As Erle CJ explained in Scott v London and St Katherine Dock Co (Reading
8.12) (above), an inference of lack of reasonable care is only justified " in the
absence of explanation by the defendant". So if evidence is given by the
defendant as to the cause of the event, then it may displace the inference of
lack of reasonable care, and demonstrate that the defendant has taken
reasonable care. As Megaw LJ said in Lloyds v West Midlands Gas Board
[1971] 1 WLR 749, 755". The res, which previously spoke for itself, may be
silenced, or its voice may, on the whole of the evidence, become too weak or
muted".
Thus in Ng Chun Pui v Lee Chuen Tat [1988] RTR 298 (Reading 8.14), the
Privy Council held in proceedings claiming damages for injuries caused when
a motor coach veered across a highway and struck a bus coming in the
opposite direction that the principle of res ipsa loquitur was displaced by
evidence given by the defendants driver that the incident had been caused
by the bad driving of a car which he had tried suddenly to avoid.
Alternatively, evidence given by the plaintiff or the defendant may,
demonstrate that there was a lack of reasonable care on the part of the
defendant. Thus in Barkway v South Wales Transport Co [1950] 1 All ER 392

(Reading 8.15) a bus, owned by the defendant company, veered across the
road and crashed over an embankment after one of the tyres of the bus
burst. The defendant gave evidence about its system of tyre inspection and
this showed that there had been a lack of reasonable care in the system of
inspection which caused the defect resulting in the crash. Accordingly, the
House of Lords held that it was not necessary to rely on an inference of lack
of reasonable care arising from the control by the defendant of the bus which
would not normally crash over an embankment. As Lord Porter said, 394-5:
The doctrine [of res ipsa loquitur]s dependent on the absence of explanation, and, although
it is the duty of the defendants, if they desire to protect themselves, to give an adequate
explanation of the cause of the accident, yet, if the facts are sufficiently known, the question
ceases to be one where the facts speak for themselves, and the solution is to be found by
determining whether, on the facts as established, negligence is to be inferred or not.

SUMMARY
At the end of this unit we can now summarise the main points as follows:
1. The courts have required that if a duty to take care is imposed upon a
person, that person must exercise the standard of care that a
reasonable person would exercise in the particular circumstances.
2. The standard of care is:

objective, not subjective, and does not depend on the standards of a


particular person;

not inflexible or rigid, but depends on the circumstances of the case.

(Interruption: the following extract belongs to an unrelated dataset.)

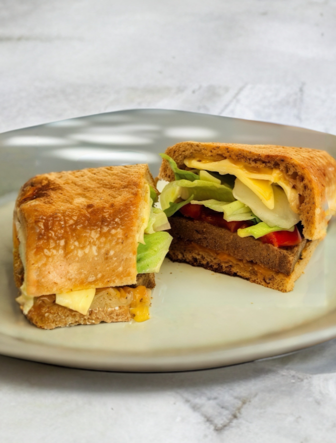 Pan de masa madre, milanesa de res orgánica, frijoles refritos de la casa, queso cheddar lechuga y jitomate.

3. In determining what is reasonable care in a particular situation, the


courts have regard to:

the likelihood of resulting harm;

the gravity or seriousness of the harm if it does occur;

the difficulty and expense of taking precautionary measures to prevent


the harm;

the normal and accepted practices of people in such situations;

standards indicated in legislation or subsidiary legislation;

the public value and importance of the action being taken which
causes the harm.

4. It is for the person alleging that there has been a failure to take
reasonable care which is usually, but not always, the plaintiff to prove
that there has been such failure.
5. The person seeking to prove that there has been a failure to exercise
reasonable care in civil proceedings must prove this on the balance of
probabilities i.e. that it is more likely than not.
6. A person seeking to prove that there has been a failure to exercise
reasonable care may rely upon an inference of such failure, if it is
shown that something that was in the control of the other person has
caused harm which it would not have caused if reasonable care had
been exercised by the person in control of that thing (res ipsa loquitur).
This is, however, only an inference that may be available from the
facts, but it may be displaced by other evidence to the contrary.